Generally, in a case of assault, charges can be filed, or restitution for damages is required. But what does Public Education do when it gets assaulted? Over the past few weeks, Kentucky’s Public Education has taken hit after hit. The assault has been swift and thorough. The final blow was the forced resignation of Commissioner Pruitt and the appointment of Wayne Lewis (who sits at the head of the Kentucky Charter Schools Advisory Council). As a public education teacher, this situation is truly disheartening. It is hard not to feel defeated.
On Friday, April 13th, Governor Bevin made some erroneous accusations that correlated the teachers’ protesting and the harm of hundreds of thousands of school-aged children who were left alone. The idea that school districts canceling school for one day to show solidarity and to protest budget cuts for public education would lead to the sexual abuse and poisoning of children is mindboggling. After a massive backlash from both the community and his legislature, Bevin “apologized” to the teachers because he claimed that there was a misunderstanding. There was never a misunderstanding because the message was loud and clear: the gauntlet was thrown down in the war on public education.

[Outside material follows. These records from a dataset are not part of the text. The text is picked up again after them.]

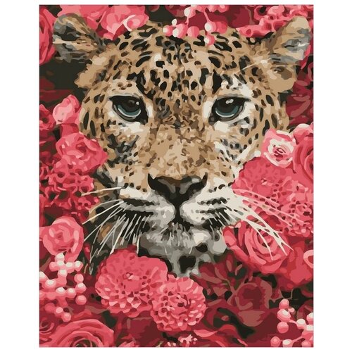 Картина по номерам Гепард в розовых цветах, 40x50 см, ВанГогВоМне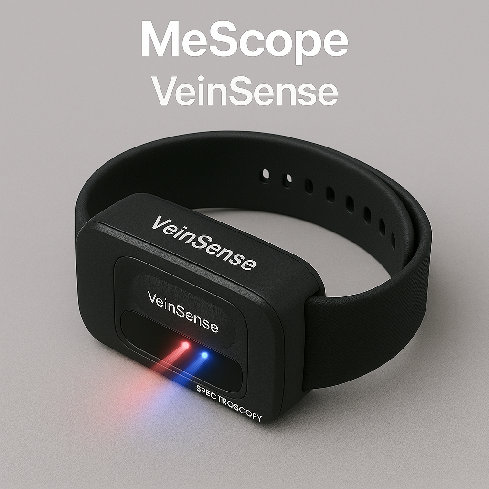 Flexible wristband or adhesive skin patch placed over the radial vein of wrist or median cubital vein or inner elbow. Biocompatible silicone material with embedded optical sensors, minimal LED strip or bluetooth sync display for smartphone app.
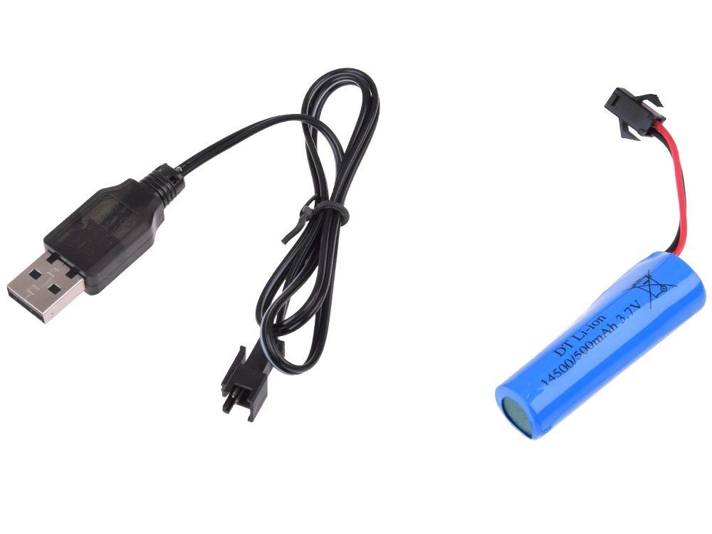 Ο τηλεχειρισμός είναι διαισθητικός και επιτρέπει κίνηση εμπρός/πίσω και στροφή αριστερά/δεξιά. Στη συσκευασία θα βρείτε όλα τα απαραίτητα: επαναφορτιζόμενο συσσωρευτή 3,7 V 500 mAh και καλώδιο USB για εύκολη φόρτιση. Το χειριστήριο τροφοδοτείται από 2× AA μπαταρίες (δεν περιλαμβάνονται). Για την καλύτερη απόδοση, φορτίστε για τουλάχιστον 2 ώρες πριν από την πρώτη χρήση.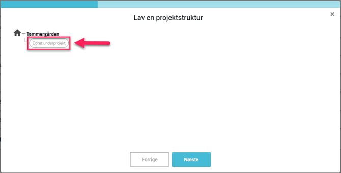 Vil du gerne inddele projektet i forskellige underprojekter, kan du her trykke på "Opret underprojekt", hvorefter du kan oprette et eller flere underprojekter og dermed skabe din projektstruktur.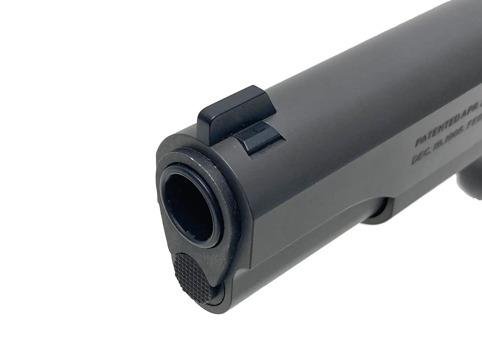 ミリタリーガバメントの決定版を目指し、徹底的な調査を経て誕生した一丁である。特筆すべきはその外観美だろう。パーカライズド処理を彷彿とさせるブラスト仕上げに加え、パーティングラインの入念な研磨、そして一丁ずつ施される打刻印が、圧倒的なリアリティを演出している。内部機構にも妥協はなく、ハードキック・ブローバックが生み出す作動感は秀逸だ。トイガンとしての完成度と造形美を高次元で融合させた傑作と評価できる。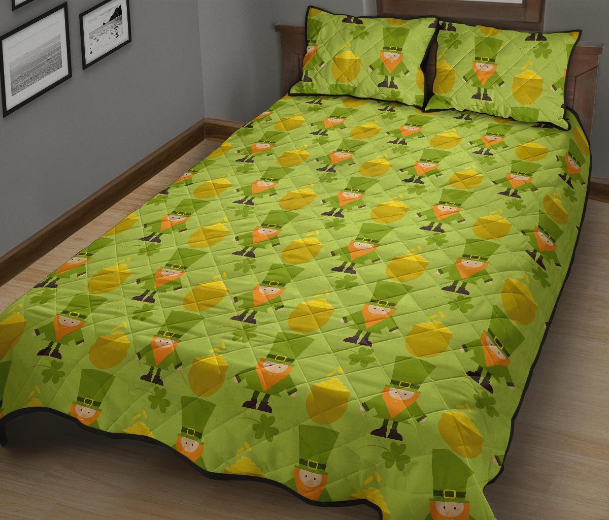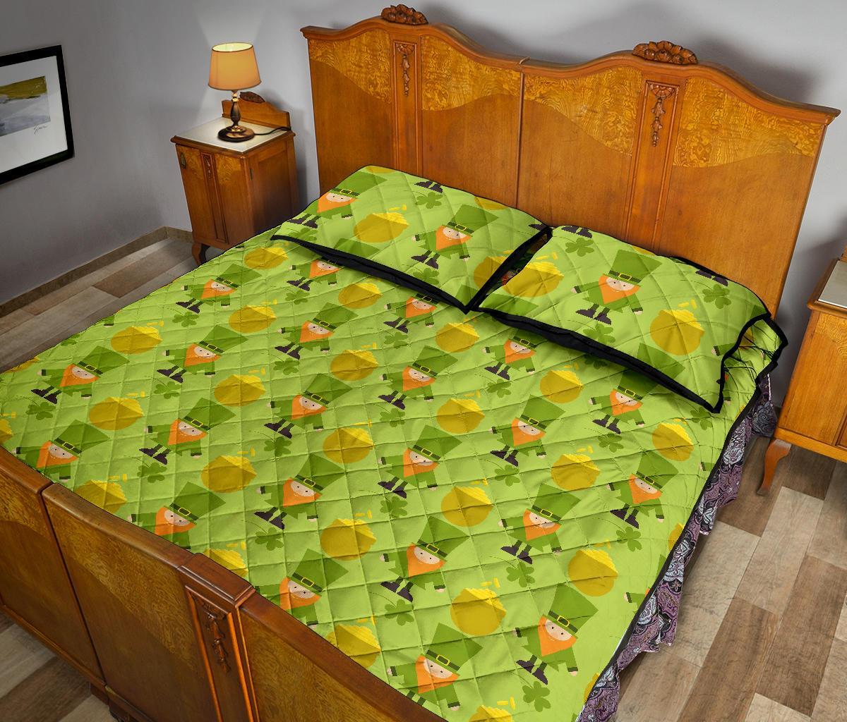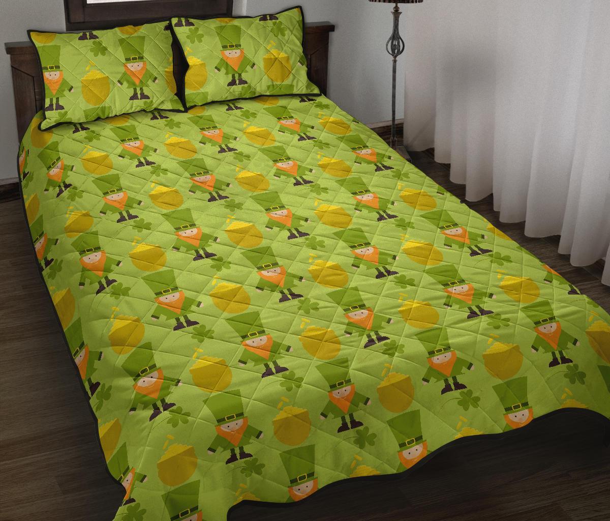 Leprechaun St Patrick's Day Print Pattern Bed Set Quilt

Over the weekend, there was much speculation about a special session that the Kentucky Department of Education and Governor had called for on Tuesday, April 17th. Teachers across the state, who have united through social media, guessed that Commissioner Pruitt’s job was on the chopping block. Behind closed doors, the four-hour session brought the resignation of Pruitt and the appointment of Lewis as interim. Lewis is a vocal advocate for charter schools in Kentucky. He has never hidden his agenda and has even speculated that Kentucky will see its first charter schools as early as Fall 2019. Along with a complete Board of Education that was hand selected by Bevin (each of whom is pro-charter schools), the final blow connected and the public education’s assault was complete.
Unlike other assaults, there are no charges to file. There will be no restitution for damages. The insurance will not pay for the severe injuries. Kentucky’s public education will limp through the next years in limbo. It is difficult to be optimistic when it seems the cards are stacked against you. “The Battle of Bevin” will go down in the record books as Kentucky’s Public Education first defeat, but the war is not over.